Os países têm investido grandes volumes de recursos para criar uma estrutura de cibersegurança. Os EUA, criou o National Institute of Standards and Technology (NIST), que tem como missão o combate a proliferação de códigos maliciosos e apoio na detecção precoce de ameaças. O governo do Reino Unido instituiu o Centro Nacional de Cibersegurança que tem se proposto a se tornar um constante órgão de informação sobre o assunto. Recentemente divulgou um interessante trabalho chamado "10 passos para a cibersegurança". Na Austrália, o Centro de Cibersegurança Australiano (ACSC) publica regularmente orientações sobre como as organizações podem combater as ameaças mais recentes à cibersegurança.

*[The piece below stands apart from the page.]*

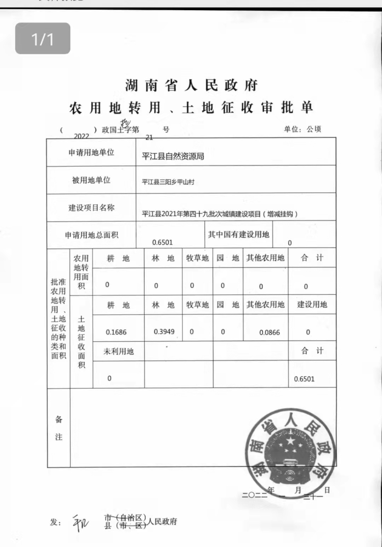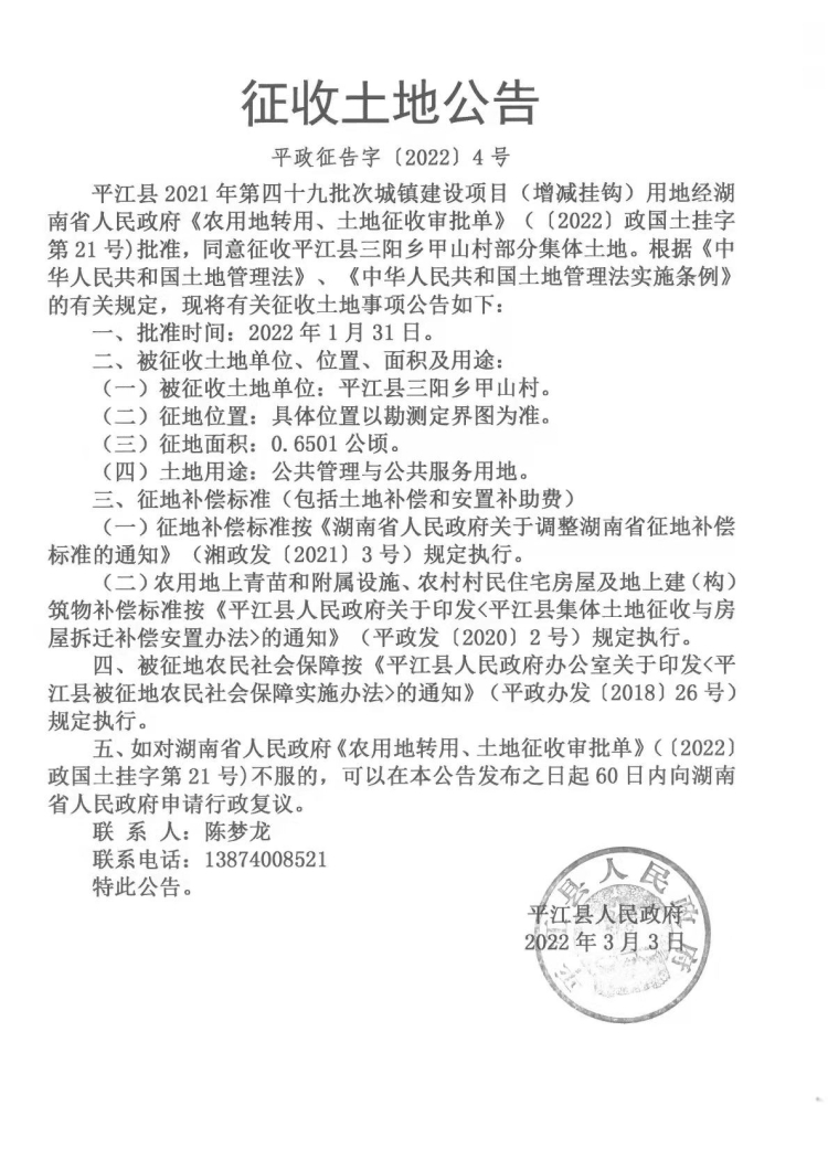 平江县2021年第四十九批次城镇建设项目征收土地公告

Podemos dizer atualmente por observação, que a maioria dos ataques cibernéticos são de natureza não direcionada e oportunista. Nestes casos, o invasor espera tirar proveito de uma vulnerabilidade do sistema, sem qualquer consideração sobre quem é o titular desse sistema. Estes podem ser tão prejudiciais quanto os ataques direcionados; o impacto do WannaCry em organizações globais – do envio ao NHS – é um bom exemplo. Se você estiver conectado à Internet, estará exposto a esse risco. É improvável que essa tendência de ataques não direcionados mude. Isto porque, muitas organizações têm se rendido ao pedido de resgate para recuperar seus dados, de ataque de ransomware.

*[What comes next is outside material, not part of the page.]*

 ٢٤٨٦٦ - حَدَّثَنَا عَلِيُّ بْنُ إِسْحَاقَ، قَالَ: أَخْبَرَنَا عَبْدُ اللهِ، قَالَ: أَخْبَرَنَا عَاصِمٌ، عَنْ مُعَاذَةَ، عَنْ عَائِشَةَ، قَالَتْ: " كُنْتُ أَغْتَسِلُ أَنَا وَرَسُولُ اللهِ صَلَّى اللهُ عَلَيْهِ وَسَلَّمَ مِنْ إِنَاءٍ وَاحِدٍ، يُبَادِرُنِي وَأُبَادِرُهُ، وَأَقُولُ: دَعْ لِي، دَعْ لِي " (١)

Novas vulnerabilidades estão sendo descobertas todos os dias e o número de atores que buscam usar meios cibernéticos para atingir seus objetivos está aumentando. E por isto, é que 'boas práticas' de gerenciamento de risco devem ser adotadas pelas empresas, com maior preocupação até do que mapeamento de outros riscos organizacionais conhecidos.

Por esta razão é que a alta gestão das empresas deve atentar-se ao fato de que as soluções e tecnologias em segurança cibernética estão avançando tão rapidamente que se deve produzir avaliações periódicas quanto a atualização das versões dos sistemas de proteção de riscos cibernéticos. Portanto, pode ser necessário revisar os riscos de segurança cibernética com mais regularidade do que outros riscos.

Por outro lado, como a segurança cibernética ainda é um campo relativamente novo, a organização não terá uma compreensão tão intuitiva destes, como se poderia esperar de outros riscos corporativos. À medida que surgem novas tecnologias, pode não haver uma enorme base de evidências para formar uma avaliação de risco. Especialistas tem constatado que em muitas organizações, a cibersegurança segue subestimada pelo alto escalão. Algumas empresas, mesmo aquelas com elevado risco cibernético, podem deixar de adotar as melhores práticas de governança de tecnologia, por absoluta falta de comprometimento da alta gestão.

Por assim dizer, adotar melhores critérios de governança tem sido essencial, como estabelecer e desenvolver estratégias considerando a experiência e as boas ideias de CIO, CSO e integrantes do conselho da organização. Integrar os órgãos de gestão da empresa com os especialistas em tecnologia nos parece ser uma acertada decisão estratégica de desenvolvimento e preservação do negócio. Essa união pode representar em aumento da maturidade digital, alta capacidade de respostas a incidentes, do alinhamento das ações estratégicas do negócio, além do incremento de investimentos para os projetos de cibersegurança. Por isto, não basta simplesmente a empresa dizer que atende a LGPD, se esta cultura de dados e de segurança não faz parte de sua consciência empresarial.

Por fim, fica o alerta para que as empresas envolvam seus executivos e seus conselhos em temas relacionados à segurança e riscos tecnológicos, visando mitigar riscos de ameaças e ataques, otimizar a alocação de recursos, elevar o status de segurança, identificar vulnerabilidades em seus sistemas e processos. Como resultado deste exercício, pode-se obter importantes insights sobre aperfeiçoamento da operação, melhor gestão e utilização de dados, além da adoção de boas práticas de governança da empresa. Já estamos no futuro, embarquem e aproveite a viagem.

Eduardo Guerra, advogado corporativo, sócio do Escritório GuerraBatista Advogados.